2007/01/31(Wed) 22:48:15  [No.6126]


Re: 【大和】山+社寺巡り (1)三輪山 (画像サイズ: 2048×1536 757kB)

伊勢さんこんばんは。ごぶさたしております。


> お元気な様子でなりよりです。
> 体調良さそうですね。

 おかげさまで。
 最近は、山歩きが日常の運動不足解消になっているような・・・。


> > あいにくさい銭となるべき小銭を全て使い切った後であったため門前で引き返した。
>
> 何だか、思わず吹き出してしまいました。
> 私にも似たような経験があります。

 神仏に参るのにはそれなりの準備が必要でした。
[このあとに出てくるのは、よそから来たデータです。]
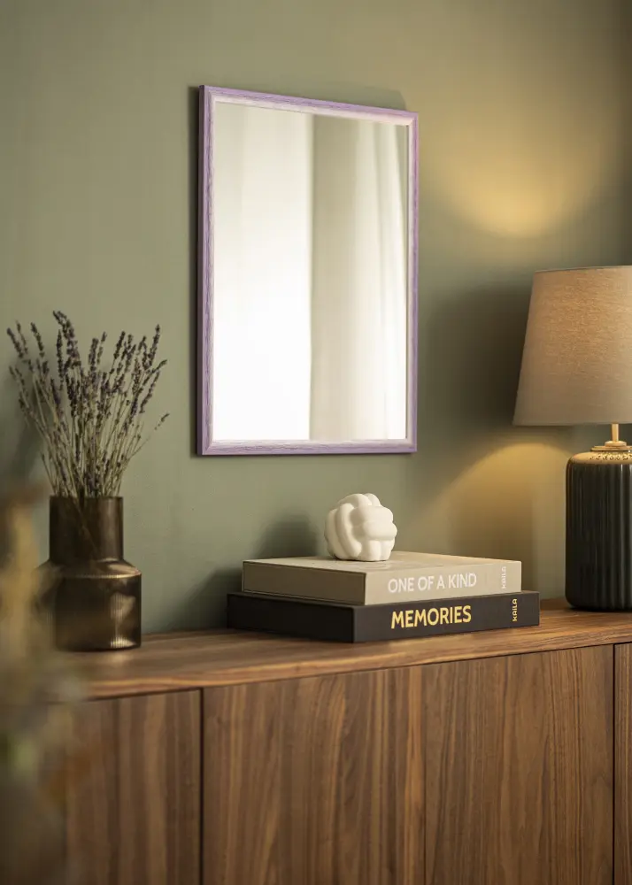 A Cornwall világoslila tükör egy elegáns és letisztult tükör, amelyet nagy gondossággal készítünk. Ez a tükör tökéletes választás azoknak, akik valami egyedi és személyes dolgot szeretnének, mivel a tükör a kívánt méretre szabható az Ön specifikus igényei szerint. A 23 mm széles ayosfa keret finom, de mégis jellegzetes keretezést nyújt, amely a legtöbb környezetbe illik.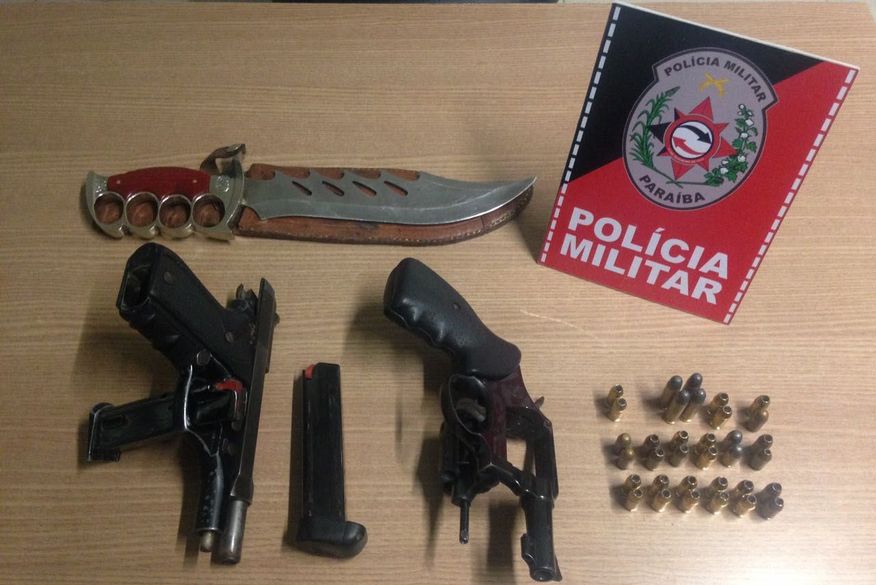 Dois homens foram presos em flagrante com um revólver e uma pistola, na noite dessa terça-feira (15), ao cobrar uma dívida utilizando as armas para intimidar a esposa do suposto devedor, no bairro de Paratibe, na zona sul de João Pessoa. Os suspeitos, de 39 e 22 anos, ainda chegaram a se identificar como policiais para a vítima, mas a PM foi acionada e policiais da Força Regional prenderam os dois em flagrante, após um cerco montado no local.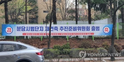 (성남=연합뉴스) 이우성 기자 = 5일 경기도 성남시 분당구 시범단지 내 한 도로에 재건축추진준비위원회 출범을 알리는 플래카드가 걸려 있다. 2022.4.11 gaonnuri@yna.co.kr

反省。
 で、その次に行った笠荒神(写真)では最初に御朱印を求めて小銭を手に入れました。
 ちなみに、荒神さんはカマドの神様なんですね。


> 健脚健在。おめでとうございます。

 これからもたまには筋肉痛を楽しみたいと思います。

2007/02/01(Thu) 23:57:33  [No.6137]


たんたんさん
相変わらず健脚のようですね。

三輪山への入り方が判ったので、その内に行ってみたいと思いました。
1日で三山は無理だから、二回に分けてでも。
名古屋から近鉄で行けるところが魅力的。
帰りは飲んで寝ててもいいんで。

                テラ
PS:レスが遅かったので、ここにしかくっつかなかった。

2007/02/02(Fri) 00:49:33  [No.6138]


Re: 【大和】山+社寺巡り (1)三輪山 (画像サイズ: 1280×960 460kB)

 テラさんこんばんは。


> 相変わらず健脚のようですね。

 テラさんなら楽勝のコースかもしれませんね。


> 三輪山への入り方が判ったので、その内に行ってみたいと思いました。
> 1日で三山は無理だから、二回に分けてでも。

 三輪山は登る山ではないと思っていました。登れるなら登っておきたいですね。
 巻向山のあたりは地図上でも道がたくさん書いてあり、いろんなコースどりができるかもしれません。


> 名古屋から近鉄で行けるところが魅力的。
> 帰りは飲んで寝ててもいいんで。

 車に頼ることが多くなった昨今ですが、その楽しみも捨てがたいです。